The Domino's trial court held that, on the facts before it, Domino's could not be held liable for an alleged sexual harassment incident that occurred at one of Domino's franchised stores. The specific issue in this case was whether Domino's exerted so much control over the franchisee that the franchisor should be deemed a joint employer or liable to the plaintiff employee under a vicarious liability theory. The Domino's California Supreme Court decision was consistent with existing California law, and as one reads both the majority and minority opinions, one can conclude that the justices were arguing not so much about the law, but whether there was a material issue of fact that should have resulted in the case being presented to the jury for determination.

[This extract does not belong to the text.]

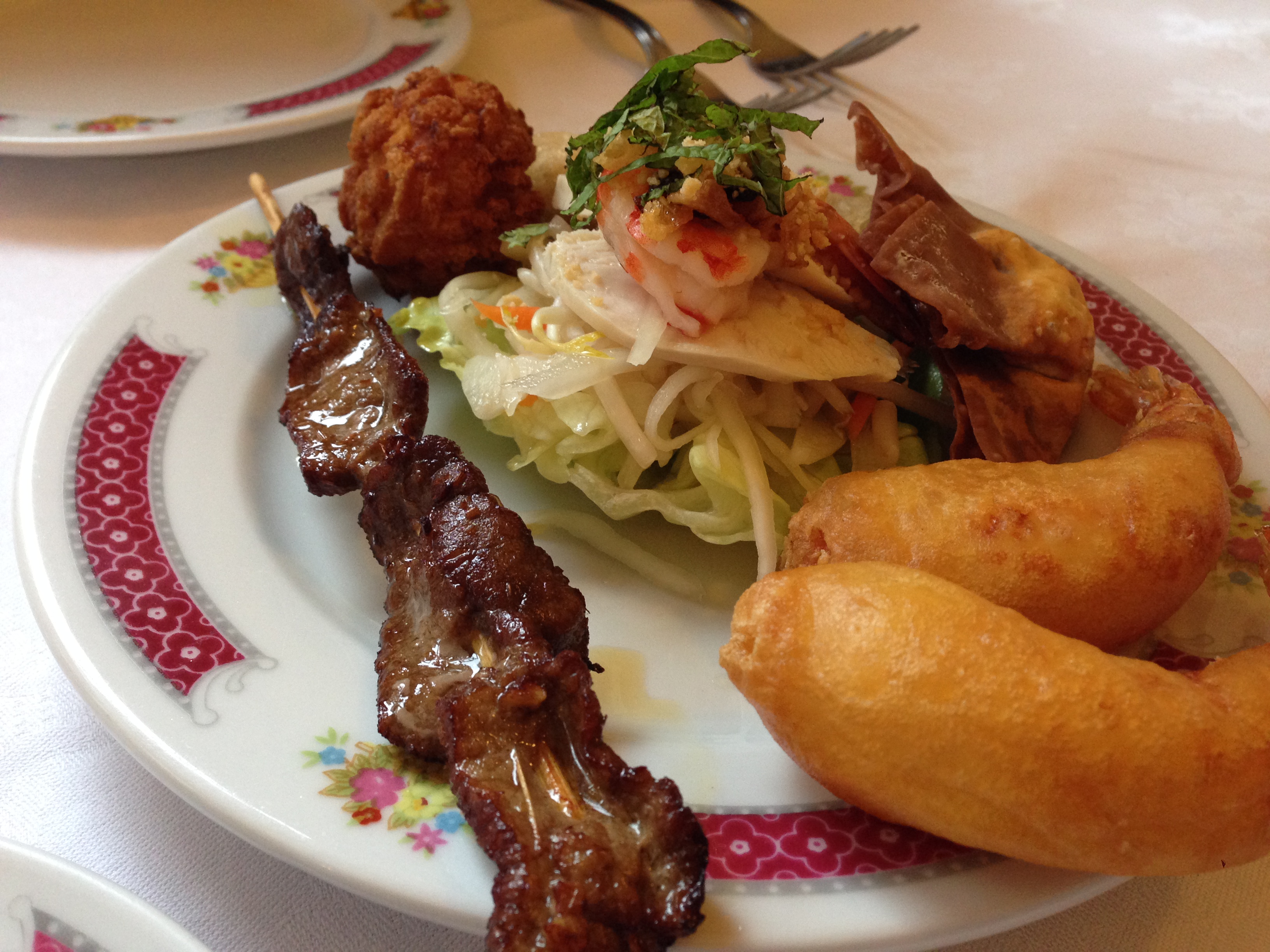 Even later kunnen we de tweede – in de veronderstelling dat de kroepoek voor de eerste was – honger stillen. Op zo’n typisch Aziatisch bordje uit de jaren negentig ligt in het midden een fris mini-slaatje met kip en scampi. Daarrond verder een rundbrochette en nogal wat gefrituurds (scampi, loempia, driehoekige flap, kroket). Stuk voor stuk smakelijke starters, al stimuleert te veel frituurvet mijn humeur niet.
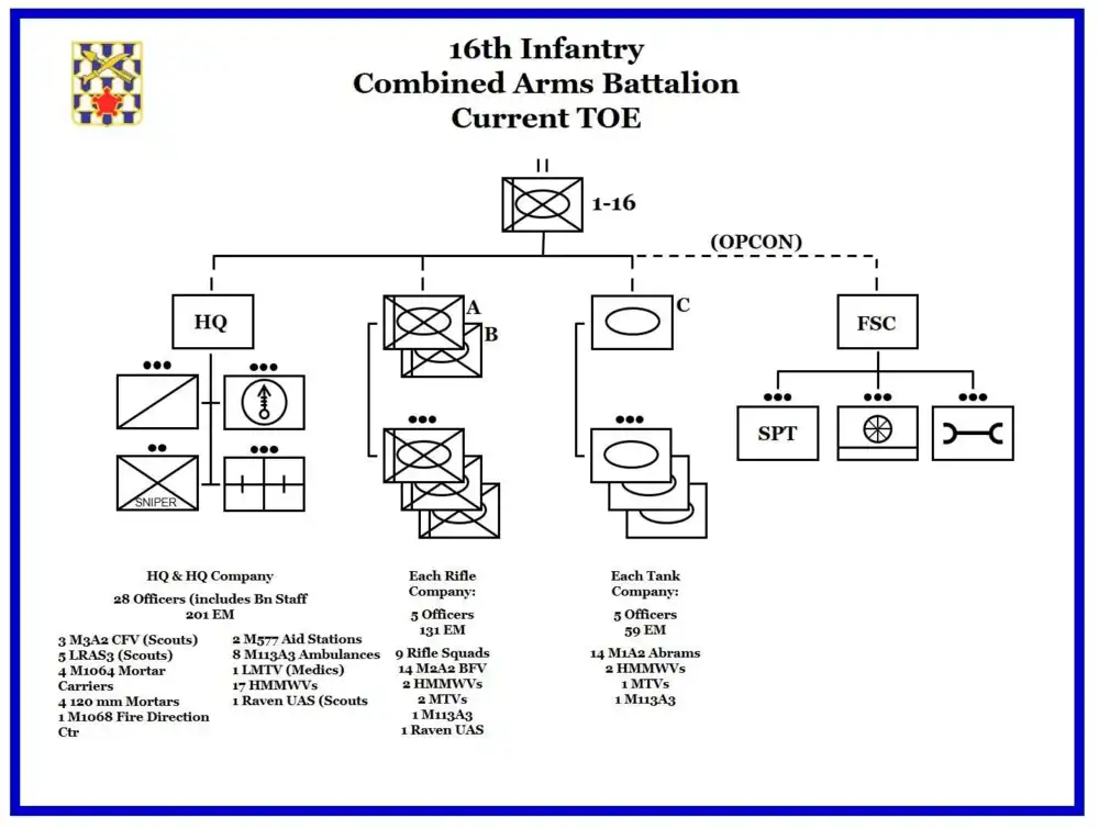 After performing the MiTT training mission for three years, the 1st Battalion began the process of reorganizing and training as one of the Army's new Combined Arms Battalions (CAB) in 2009. In January 2011, however, the 1st Battalion was deployed once again, this time on a unique mission to Afghanistan. For this deployment, the battalion was attached to the Combined Joint Special Operations Command-Afghanistan (CJSOCC-A) and assigned to support a new effort known as the Village Stability Operations (VSO) program. This program required that the battalion be broken down into squads and sometimes fire teams and distributed to selected villages throughout Regional Commands East, South, West, and North. The squads and teams worked with Special Forces Teams and other special operations forces to help the villagers raise detachments of Afghan Local Police (ALP) who would then provide security to the villages. Those assigned to Headquarters and Headquarters Company were sent out to different NATO members Provincial Reconstruction Teams in order to assist with information sharing and liaison between the countries. The 16th Infantry established this with Germany, Norway, and Hungary. Members of the 16th were even utilized by 1st Special Forces Group and Afghan Commandoes as Forward Logistical Elements supporting CENTOM level missions. The Iron Rangers returned to Fort Riley from Afghanistan in December 2011.

The facts in this case, as presented in the majority opinion, show a carefully designed program by Domino's to stay out of franchisee affairs as they related to employment issues. Had Domino's lost the case, one must ask what else could Domino's have done to escape liability under a claim based on a joint employer theory or a claim of vicarious liability.

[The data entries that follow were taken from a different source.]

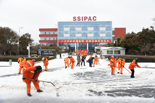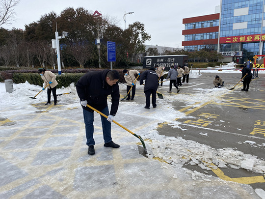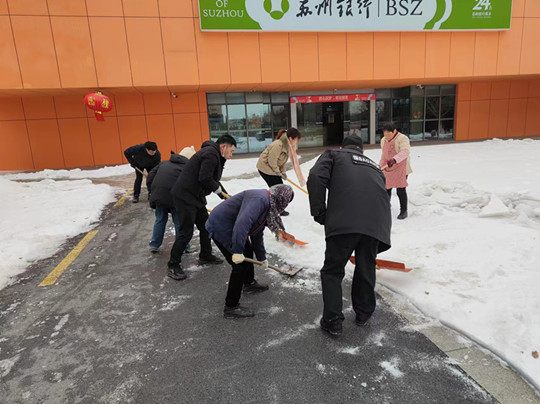 一場(chǎng)大雪,把蘇宿園區(qū)裝點(diǎn)得銀裝素裹,卻給群眾出行帶來了很大不便。為保證居民安全出行,建發(fā)公司全體職工參與園區(qū)及各物業(yè)項(xiàng)目道路掃雪除冰工作,奏響全員鏟冰除雪“進(jìn)行曲”。
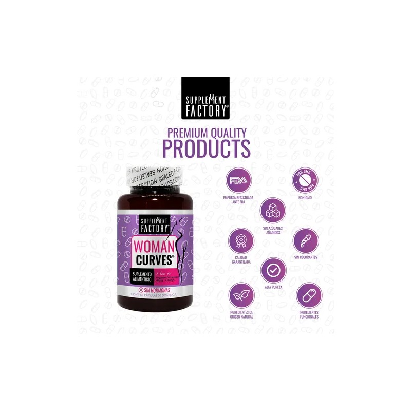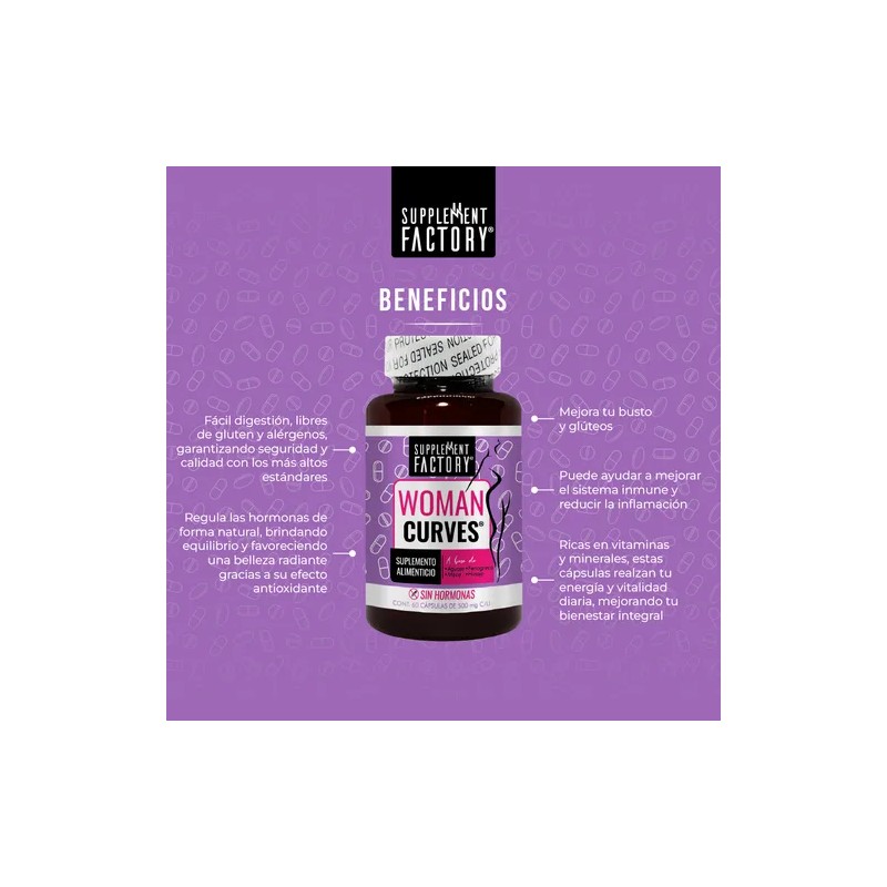 Supplement Factory Woman Curves Mejora y Aumenta tu Busto y Glúteos 60 Cápsulas, con Ingredientes de la + Alta Calidad
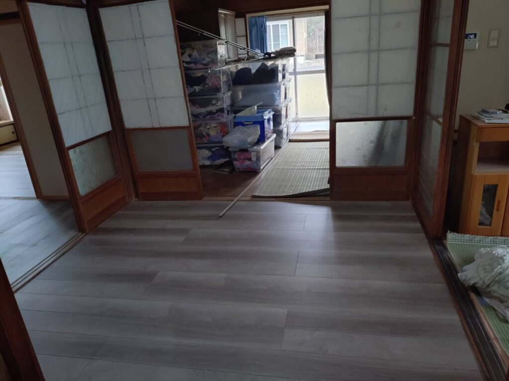 工事は既設分の解体・床・天井の張替・クロス貼替・断熱工事・屋根補修・電気工事・玄関交換・窓ガラス修理・建具修理・外壁工事・清掃まで
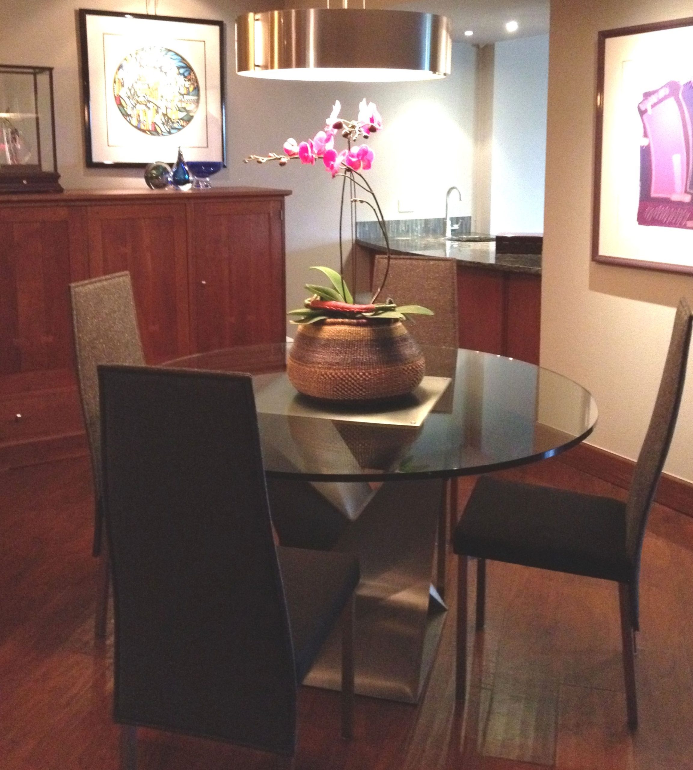• Glass tops generally do not get attached to the base.  Clear bumper pads are included with every order to use as a stabilizer for the glass and prevent it from sliding.

One aspect of the Domino's decision that is of particular intrigue goes back to the issue of brand protection, as mentioned above. Would it have been better for the franchisor to exert less control over its franchisees and reduce the risk of a joint employer/ vicarious liability claim? Or should the franchisor have asserted more control over franchisee employees in order to protect the brand, even though the franchisor might be more likely to be given joint employer classification and be subject to a vicarious liability claim?

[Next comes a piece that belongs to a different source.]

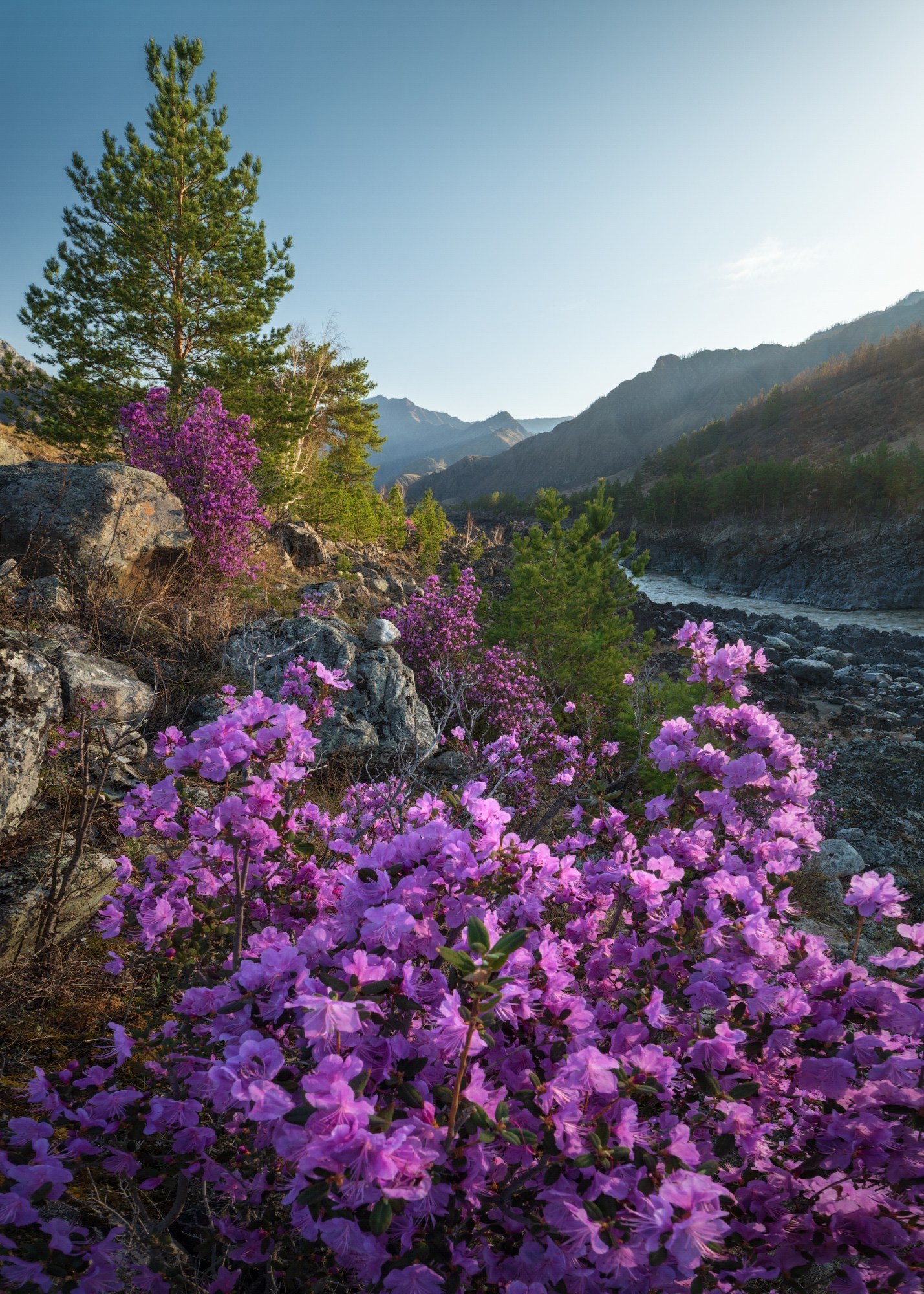 Время розовых склонов. Онгудайский район, река Чуя, май 2024

Domino's almost became caught in this dilemma a few years ago after an employee of a franchisee made a video showing him putting a foreign object on a pizza and posted the video on the Internet. In this case, the franchisee took the correct step and, to my recollection, terminated the employee. But what if the franchisee, for whatever reason, decided not to do so, and Domino's consequently terminated the franchisee and the employee? Domino's might have been sued for wrongful termination, but presumably (1) it would have insurance that would have paid for all or a portion of the costs to defend the suit and any resulting liability, plus (2) the franchisor could always rely on its indemnification rights against the franchisee if the claim were asserted against Domino's by the employee of its franchisee. There is no happy solution for everyone in this situation, but in the foreign-item-on-the-pizza scenario, risking the lawsuit by the franchisee or its employee and taking the steps necessary to protect the brand might have been the preferred option. The damage would have been done once the video had been posted, but at least Domino's could face the public and say that this type of behavior would not be tolerated. Lawsuits are often not the best way to vindicate wrongs.

Conclusion

Theories of joint employer liability and vicarious liability are no newcomers to the judicial setting, where they are now causing even more havoc. An employee in one setting might not be an employee under the same set of facts where another type of legal claim is being disputed. Similarly, control might have different thresholds in various circumstances in order to impose liability on the franchisor. It is not surprising how difficult it is to predict the outcome of litigation relating to these claims, as we have seen in the past. Unfortunately, it is likely that it will be equally or even more difficult to predict the outcome of franchise employment related suits in the future.

Endnotes:

1. See LJL Transp. v. Pilot Air Freight Corp., 962 A.2d 639 (Pa. 2009) (Jan. 22, 2009).

2. No. 6:13-CV-953-Orl-36GJK, Giuffre Hyundai v. Hyundai Motor Am., 756 F.3d 204 (2d Cir. 2014).

3. Broussard v. Meineke Disc. Mufflers Shops, 155 F.3d 331 (4th. Cir. 1998).

4. See Awuah v. Coverall N. Am., 707 F.Supp.2d 80 (D. Mass. 2010), and 740 F.Supp.2d 240 (D. Mass. 2010). See also Coverall N. Am., Inc. v. Comm'r of The Div. of Unemployment Assistance, 957 N.E. 2d 1083 (Mass. 2006), Bus. Franchise Guide ¶13,491 (Mass. Dec. 12, 2006).

5. Naik v. 7-Eleven, Bus. Franchise Guide ¶15,332 (D.N.J. Aug. 5, 2014).

6 . No. S204543, 2014 WL 4236175 (Cal. Aug. 28, 2014).

Rupert M. Barkoff is chairman of the franchise team in Kilpatrick Townsend & Stockton's Atlanta office.